3.5. Mitochondrial Inheritance

Mitochondria, which are vital for cell division, exhibit dynamic changes in their organization during the cell cycle. In mammalian cells, prior to mitosis and cytokinesis, mitochondrial network fragments allow for the stochastic distribution of organelles to daughter cells [45]. Interestingly, yeast cells demonstrate the orderly inheritance of mitochondria through cytoskeleton-dependent transport, and mutants lacking certain mitochondrial division proteins surprisingly maintain their viability without significant growth defects.
In yeast, the disruption of mitochondrial fusion leads to rapid loss of the mitochondrial genome and respiratory defects. This is attributed to the generation of multiple small organelles and lack of mtDNA, resulting in the inheritance of progeny with significantly depleted mtDNA [46]. Consequently, mitochondrial genomes are lost from the population after several generations.
In mammalian cells, the disruption of mitochondrial fusion leads to mitochondrial heterogeneity and dysfunction. This dysfunction may be linked to the loss of nucleoids in individual mitochondria. MFN or DRP1 knockout in mice results in prenatal death, underscoring the crucial role of mitochondrial dynamics in mammalian development [7,47]. The fusion process plays a fundamental role in maintaining the mitochondrial population with a full complement of nuclear- and mitochondrion−encoded gene products [48]. While mitochondrial fission generates organelles lacking nucleoids, fusion ensures the timely replenishment of the mitochondrial genome and gene products, thereby preventing functionality loss [49].

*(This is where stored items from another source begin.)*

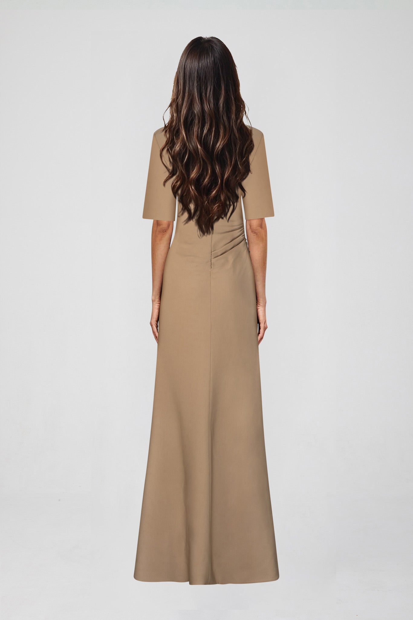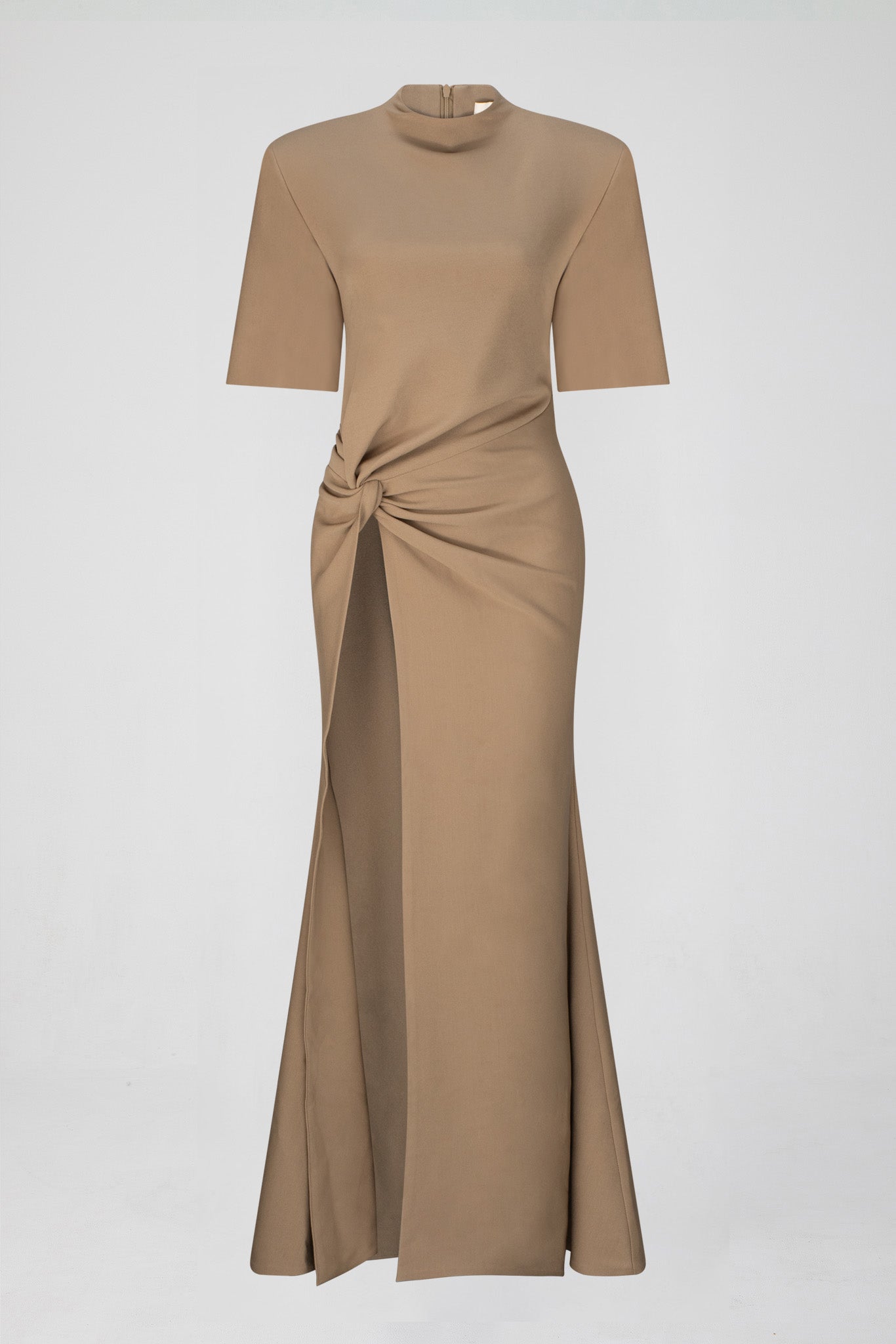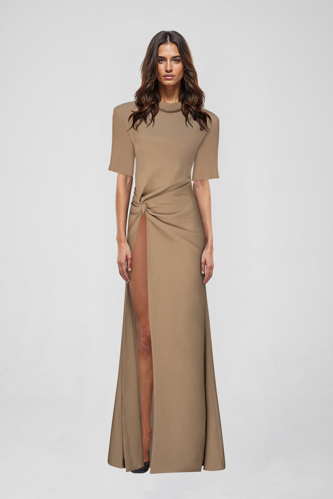 The Raya Maxi has arrived in a minimalist latte colour way for a utilitarian take on the gown of the season. This style features a dramatic floor length hem and oversized shoulder pads. An exaggerated split hem opens up to the top of the thigh where a knot detail is placed for a comfortable and flattering wear. Styled down with a pair of flats or elevated with a heel, the Raya is a versatile and timeless statement piece.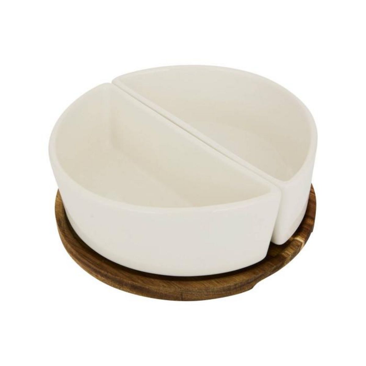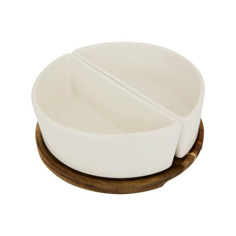Informations Techniques : Dimensions : D. 20 x H. 7 cm Matières : Bois (Acacia) & Grès Spécificités : Pratique & Élégant Set apéritif 3 pièces Design unicolore Contient : 2 x coupelles 1 x plateau Compatibilités : Lave-vaisselle et micro-ondes (coupelles uniquement) Poids : 1,25 kg Couleur : Blanc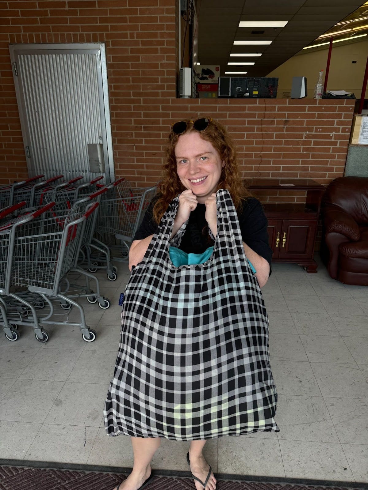 Most thrift stores do not have bags. I have these in every size and always have at least a couple on me. They fold flat and are easy to wash. The bigger size (see below) is a godsend for 50% off days.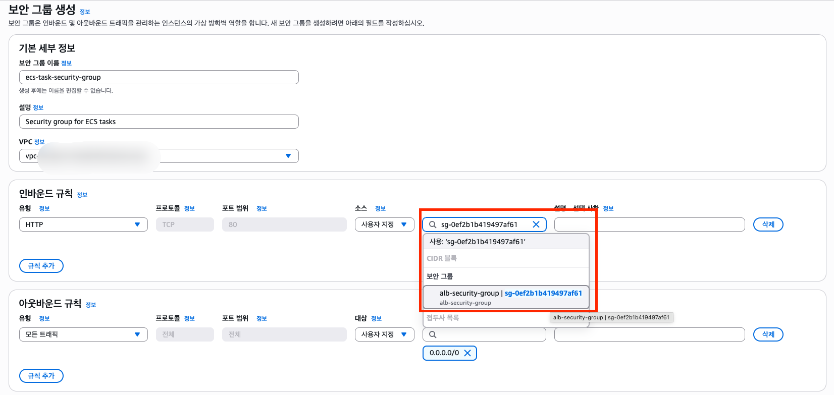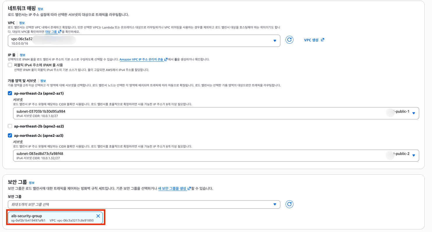 Security group for Application Load Balancer - VPC: 사용할 VPC 선택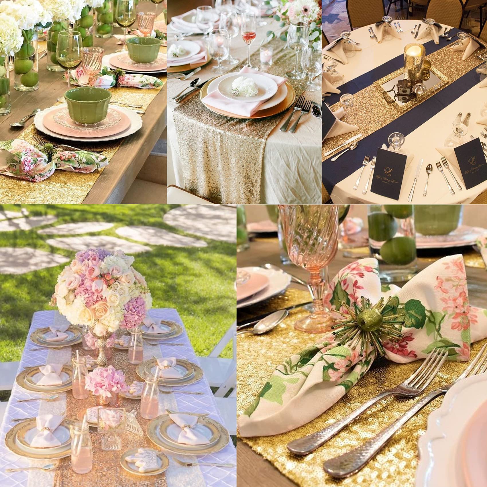 - Widely Occasion: Sequin table runner looks nice on various occasions, wedding, baby and bridal showers, birthday parties, the top of the piano, fireplace, classic candy buffets, dessert tables, and life events. These glitter table runners add charm to ordinary table covers, giving tables a perfect look and enhancing the atmosphere for your event. If you don't want to use the table runner anymore, you can DIY it, such as banner, bow tie, place mats, Christmas tree decor, backdrop.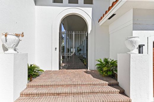 Experience waterfront luxury in this newly renovated direct Intracoastal home. Enjoy breathtaking views from the heated infinity-edge pool and spa, just above your private sandy beach. Inside, soaring 30-foot ceilings, marble floors, quartz countertops, Viking appliances, and designer finishes elevate every space. The grand primary suite features dual walk-in closets, a free-standing tub, and a private patio with panoramic water views. Updates include custom lighting, a quartz fireplace, custom closets, and Gray Malin wallpaper. A guest cottage with a kitchen sits off the gated courtyard. Impact windows, smart home technology, and a security system make it easy to monitor and control your home remotely. Dock your boat on the lift and walk to Old Key Lime House, Eau Resort, or the beach.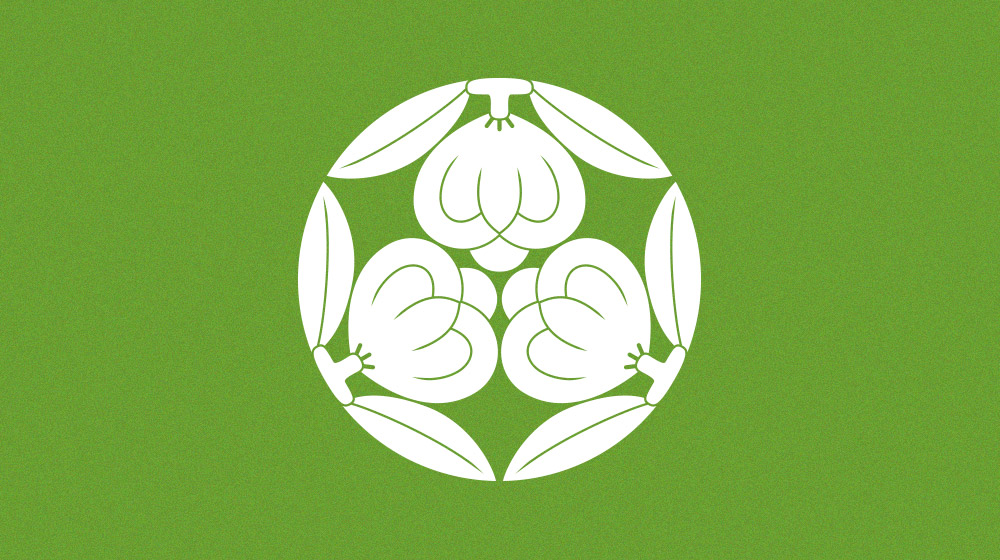 家紋「三つ茶の実」。由来は明らかではないが、茶が高貴な薬として日本にもたらされたことから、その長寿などの効用にあやかったのではないかといわれている。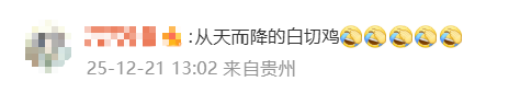 对此,网友调侃这是从天而降的白切鸡,也有网友调侃说用葱姜料酒给鸡泡个澡。
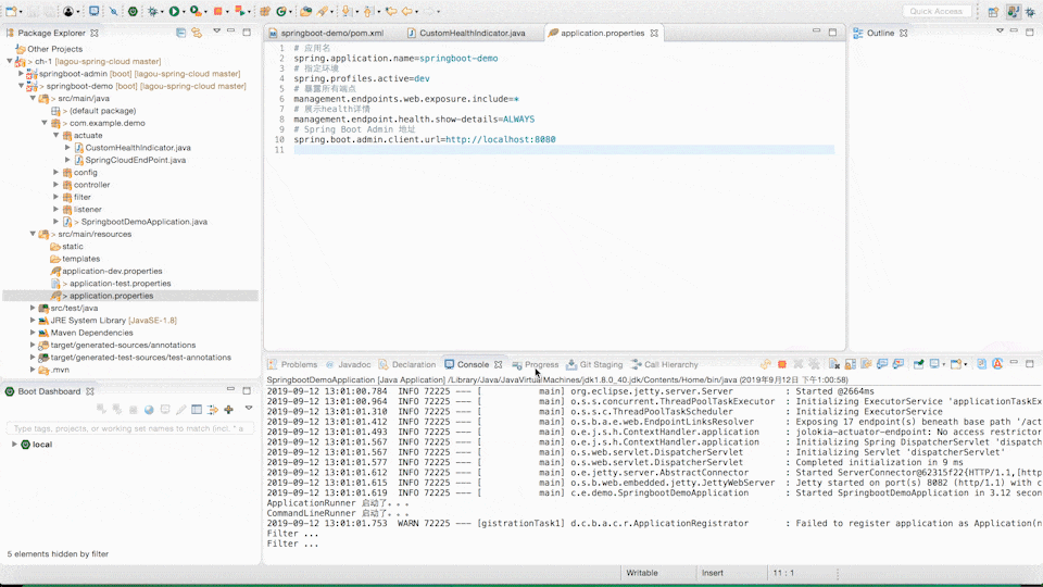 刚刚介绍的时候有讲过,Spring Boot 项目需要集成 Spring Boot Admin Client 向 Spring Boot Admin Server 进行注册,那我们就在项目中增加 spring-boot-admin-starter-client 的依赖,光增加依赖可不行,需要用户必须得知道注册到哪里去了,所以我们需要在配置文件中指定 Spring Boot Admin Server 的地址才行,配置为 spring.boot.admin.client.url=http://localhost:8080

3.6. Mitochondrial Distribution and Morphology

Cells with defective mitochondrial division exhibit interconnected net-like mitochondria that accumulate in specific areas, leaving other parts of the cell devoid of mitochondria [50]. Proper mitochondrial distribution, which is crucial for large cells, such as neurons, relies on division to create transportable units. DRP1 and OPA1 play essential roles in establishing the appropriate mitochondrial content in dendrites [51], which is crucial for maintaining dendritic spines and synapses that are sites of high energy demand. DRP1-knockout mice show severe developmental abnormalities, particularly in the forebrain and cerebellum [47,52]. Neurons with DRP1 deficiency accumulate mitochondria in the cell body, hindering their proper distribution. Mice with conditional MFN2-knockout alleles exhibit Purkinje neuron degeneration due to fragmented mitochondria and mitochondrial distribution failures, suggesting an impact of fusion on distribution [53].
In muscle cells, fused mitochondrial networks function as electrically united systems that transmit MMP, aiding energy dissipation [54]. This is vital in large muscle cells, in which mitochondrial filaments connect regions with different oxygen levels, facilitating energy dissipation and ATP production during muscle contraction [54,55]. Mitochondrial fusion increases under stress conditions involving ATP production and during the G1 to S transition, consistent with its role in energy dissipation [55]. The coordinated activities of the mitochondrial fusion and fission machinery adapt to the mitochondrial compartment to meet specific cellular requirements.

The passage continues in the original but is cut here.